I need help with a formula for a music related website I am building. On
the site there will be a 'popularity chart' that is used to determine how
popular a band/artist is on the website. There are four pieces of criteria
that I want to use to determine this. Number of Fans, Unique daily page
views (artists have their own Myspace style web page), Unique daily song
plays and artist review score. The first three are self-explanatory, but to
elaborate on artist review score, for every artist that creates a profile
on the website, up to 1000 randomly chosen fans will be prompted to
'review' any given artists music on a simple 1-5 scale. 1 meaning they
don't like the artists music and 5 meaning they love it. Now the problem I
am having is determining how to equally weigh (25% per criterion) these
four categories into my formula since 3 of the determinants are open ended
(i.e. a band could have 1,000,000 page views, song plays or friends) but
only 1000 artist review votes (which will come to an average artist review
score). I would appreciate any help that someone can offer in regards to
creating an optimal formula to most fairly determine an artists popularity
using these four factors. Please keep in mind, I would like all four categories factor
in as 25% weight in determining an artists chart ranking.

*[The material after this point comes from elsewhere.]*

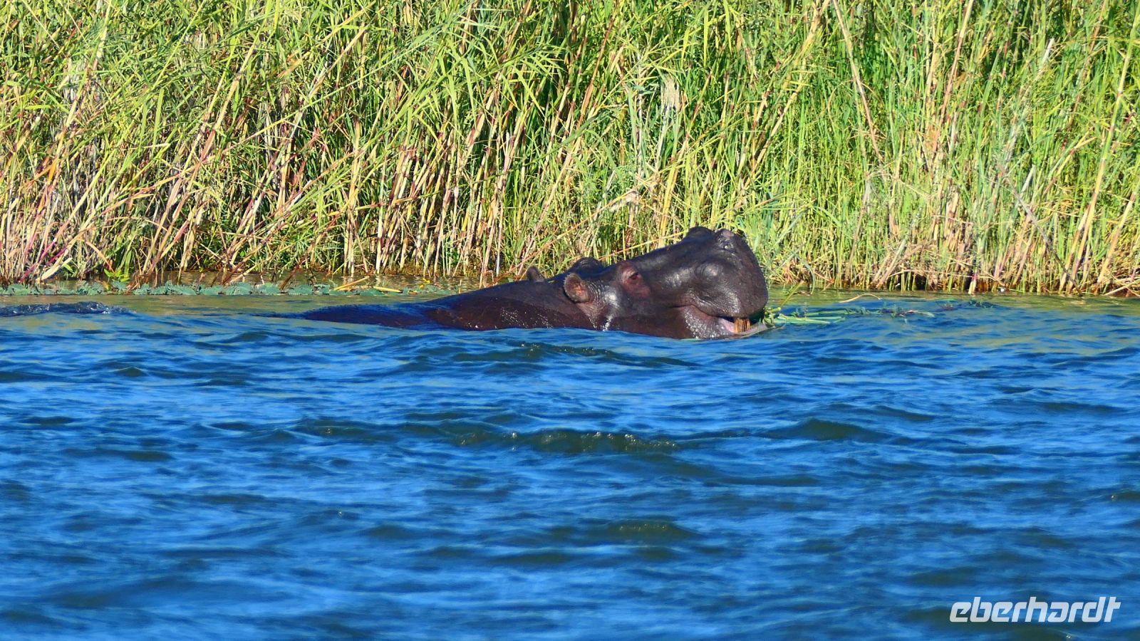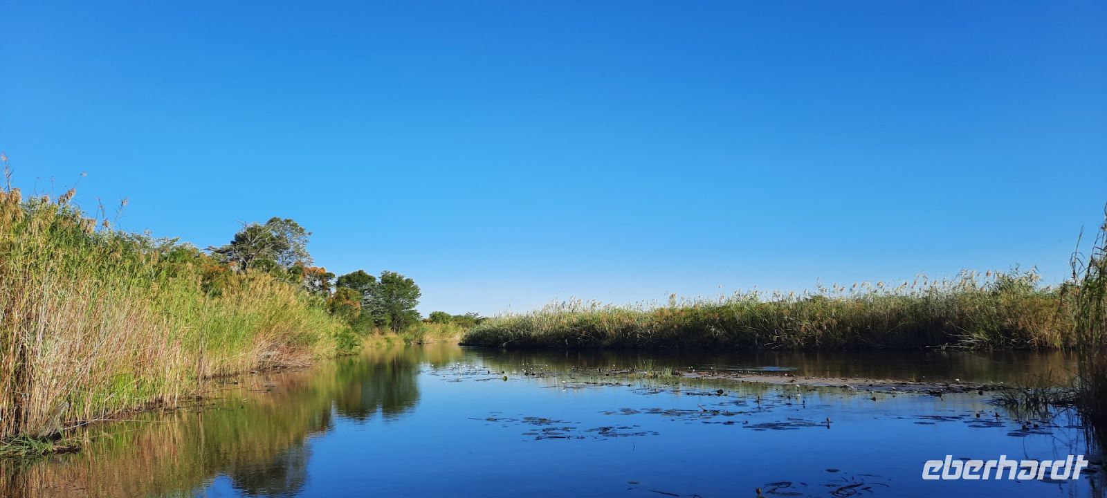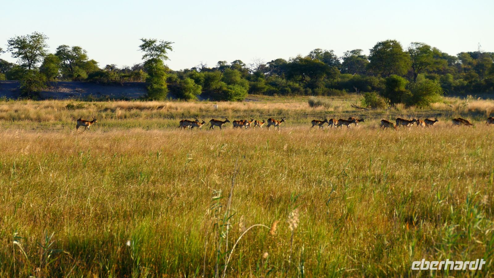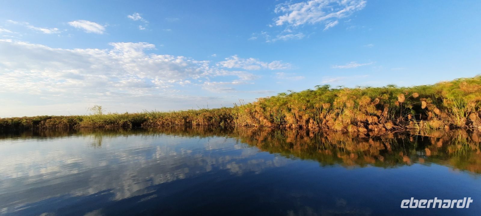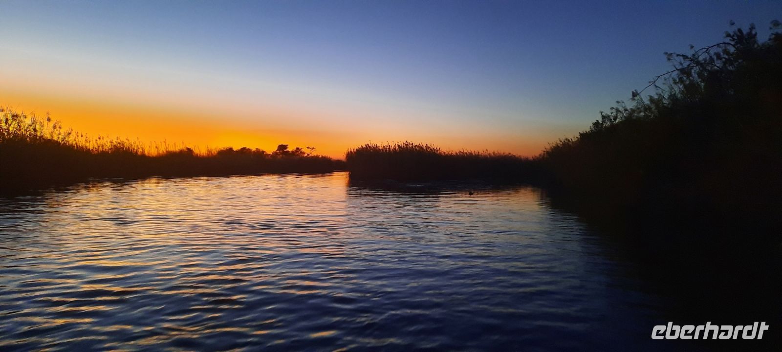 Am Nachmittag trafen wir uns zu einer weiteren Pirschfahrt wieder. Diesmal ausschließlich mit dem Boot auf dem Kwando-River, der hier einem Delta ähnelt. Wir schipperten zunächst gemächlich daher und genossen einfach. Auf dem Boot hatten Zwergrötelschwalben ihr Nest gebaut. Eine herrliche Landschaft aus Schilf und Papyrus mit vereinzelt blühenden Wasserlilien säumten die Wasserwege. Unser Bootsführer Kashius fuhr vorausschauend, denn überall konnten Krokodile und Flusspferde unerwartet auftauchen. Und das taten sie auch! - wieder der bekannte Hippo Roadblock in der Biegung des Kwandos. Wir beobachteten die Truppe aus sicherer Entfernung oder die Hippos uns? Unseren Augen präsentierten sich weitere, einzigartige Foto- und Filmmotive in außergewöhnlichen, zauberhaften Licht. Schlangenhalsvogel, Graulärmvogel, Blatthühnchen, einen versteckten Wasserwaran, ein kleineres Krokodil und eine große Herde Letschwe Antilopen bekamen wir zu Gesicht, später auch noch eine scheue Leierantilope. Unterwegs pflückte Cashius eine Wasserlilie und bastelte daraus eine Halskette. Wasserlilien spielen eine wichtige Rolle bei den hiesigen Einwohnern, Vor allen werden sie als Deko und Schmuck bei Festlichkeiten genutzt wie zum Beispiel bei Hochzeiten. Schnell war eine Braut gefunden, deren Hals die Kette zierte. Der zugehörige Bräutigam bekam einen stylischen Hut aus den Blättern. Die Party konnte beginnen! An Land bauten wir nun unsere Sundowner-Bar auf. Mit dem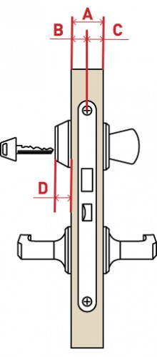 - Dörrar där B- och/eller C-måttet överstiger 27 mm kompletteras med 10 mm cylinderförlängare, mått över 37 mm med två stycken o s v.

Well, the simplest thing to do is to average your four scores. In order to weight them all equally, first "scale" so each is 0- 1. For example, divide your "1 to 5 scale" by 5 so that 1= .2, 2= .4, 3= .6, 4= .8, 5= 1. For "number of fans", divide by some large number- larger than you think any artist will have for fans to get between 0 and 1. After you have done that, add the numbers and divide by four.
Ok that makes sense. However, doesn't the larger the number I divide "fans", "page views" and "song plays" by affect the outcome? For example, If I divide these 3 categories by 1 million (to ensure that it is a number never reached) and if the artist has 83,000 fans, the value is .083. However, if I divide the artist review by 5 (and they have an average review of 4.1) that gives them a .82. So if the first three categories are all realistically in the neighborhood of .01 to .1 and the artist review is in the neighborhood .4 to .9 on average, wouldn't this make it so that artist review is really pulling more than 25% weight because such a greater number? Because if someone has more plays, more fans and more page views than another artist but did dramatically poorer in artist review, in that case they would be ranked lower then the artist that they beat in the other 3 categories right? Any suggestions on how to make it more even or how to rectify this situation? Thanks! Brandon
It shouldn't be a problem bebebe1 if you follow HallsofIvy's advice carefully.
You rescale FIRST, then average SECOND. So first of all each category is rescaled to a 0 to 1 scale separately. So if there are 3 million plays in total, and one artist gets 89000 plays their 'play' score is 0.029. There are different ways to perform this rescaling, you can do it linearly or nonlinearly. Probably linear rescaling is easier but not necessarily "optimal" as you desired.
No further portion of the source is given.